Sunday, May 20, 2012

Wildcrafting Part II - Why Wildcraft?

Xavier's hands covered in cottonwood sap. 
If you have never wildcrafted before let me be the first to tell you - it can be hard work! First you need to be able to correctly ID the plant. Then you need to locate the plant. Then you need to make sure the stand is healthy enough to harvest from. Then you need to know how to harvest it ethically. 

Once these preliminary areas are covered then comes the hard work of harvesting. This can mean wading through marshes to get your cattail, braving thorns to get to your hawthorne berries, scrambling up mountainsides to get to the elderberries. Undoubtably as a wildcrafter you will have to withstand the hot sun, incessant wind, bugs and other pests. It can mean stooping for hours to get enough violet flowers to fill a pint jar or digging through hard-packed rocky soil laboring with all your might to get that burdock root released from the ground.  

Once you’ve accomplished this you are only half through! Plants will need to be taken home, cleaned and processed and then turned into medicine. Phew! 

So, why would a sane person wildcraft? 

Wildcrafting can increase the health of plants and their eco-systems.

 In part one of this series we already looked at one very valuable reason for wildcrafting. We can actually increase the vitality of an area by interacting with it in a conscious way. We will discuss this concept more, but simply put aerating the soils, spreading seeds and pruning branches appropriately are very real ways in which we can tend the wild thus creating stronger and healthier eco-systems. 

By regularly visiting areas we can ensure their health by speaking out on their behalf. Here’s one example. I have a place where I love to harvest mullein. It’s a patch near my home that springs forth many mullein each year. I can easily harvest leaves, roots and many flowers in just one visit. Last year on one of my foraging trips I was devastated to find that the area had been sprayed. I live quite a ways from people on a rough dirt road so this really surprised me. I contacted the neighbor who owned land nearby and explained what had happened and that I had been harvesting the plants there for medicine. This person was fascinated to learn that all those “harmful weeds” were actually helpful for ailments that he and his wife suffered from. He readily agreed to never spray there again. 

There are many similar ways we can actively play a part in educating our communities about keeping our eco-systems healthy. Local public parks where children play are often needlessly sprayed with herbicides. YOU can stop this from happening. 
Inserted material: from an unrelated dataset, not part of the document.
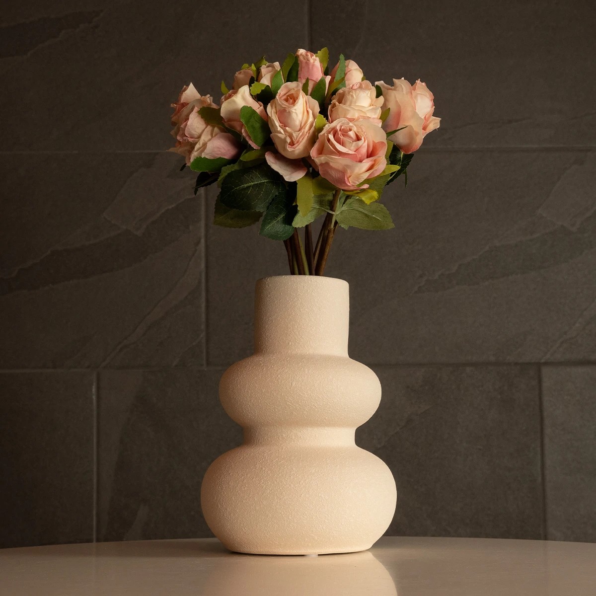 GloboStar® Artificial Garden QUARTZ 21254 Διακοσμητικό Κεραμικό Βάζo Μπεζ Π15 x Μ15 x Υ20 cm

Wildcrafting is about connection.  

By harvesting our own plants for food and for medicine we connect with the plants themselves, we connect with the ecosystems our plants inhabit and we connect with the living forces of this earth. For me this connection brings me to the joie de vivre or the joy of life. 
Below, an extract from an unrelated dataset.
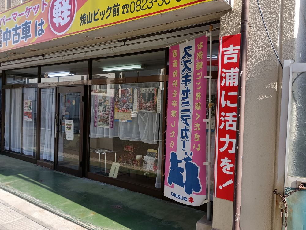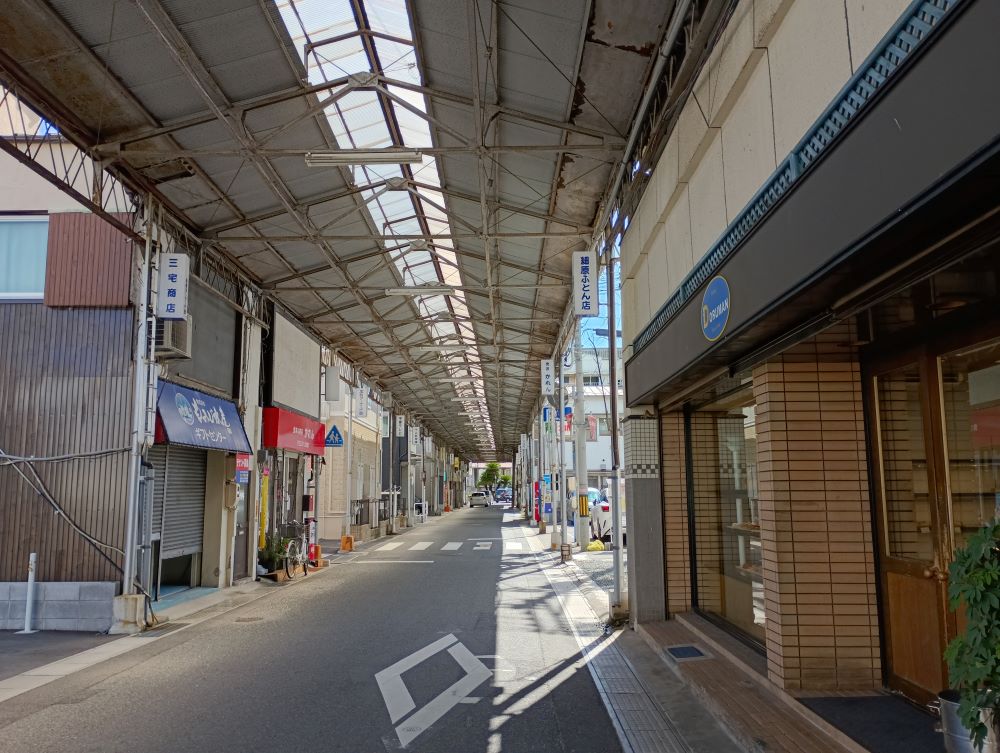 吉浦駅から焼山に至るこの道は、県道278号線で、そこにアーケードがあります。高さ5メートル、幅5メートルのこのアーケード通りには、最盛期には、スーパー、ケーキ店、本屋、履物店、布団店、写真店、学生塾、金融業、クリーニング店、不動産屋、チケットショップなど約40店舗あったのです。

Wildcrafting teaches us about plants. 

I have learned so much about the plants from directly interacting with them. Visiting plants through the seasons, sitting with them, watching them shift, observing the land where they live gives us a plethora of information about the plants we would never ever know by simply ordering them via the internet. I really doubt we can truly know the plants we take internally unless we know that plant as a living being whether that be in our gardens or on mountain slopes. 
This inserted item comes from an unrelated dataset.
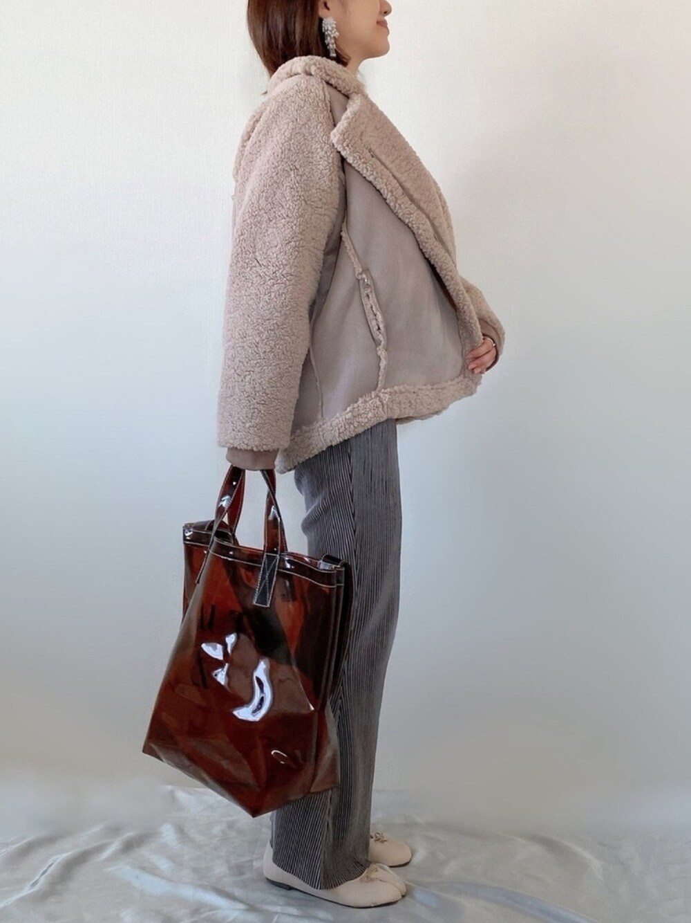memeのムートンコート「ボアジャケット」を使ったコーディネート

I've loved watching the cottonwoods shift from buds full of resins

To the female trees bearing their "snow". 

Wildcrafting is mostly free. 

Sure, it will cost you your time, cost for tools and most likely some patience, but is otherwise very easy on the wallet. Finding “free” medicine and food outside your door is another big benefit to wildcrafting. 

Wildcrafting gives us a healthy diet. 

In the spring when many people are itching for fresh greens from their gardens we are harvesting many wild greens at least a month before local agricultural greens hit the market. We also have noticed that we eat a much larger variety of foods than is standardly found in the produce department. Also wild foods commonly have more nutrients in them than domestic foods raised using big-scale agriculture. 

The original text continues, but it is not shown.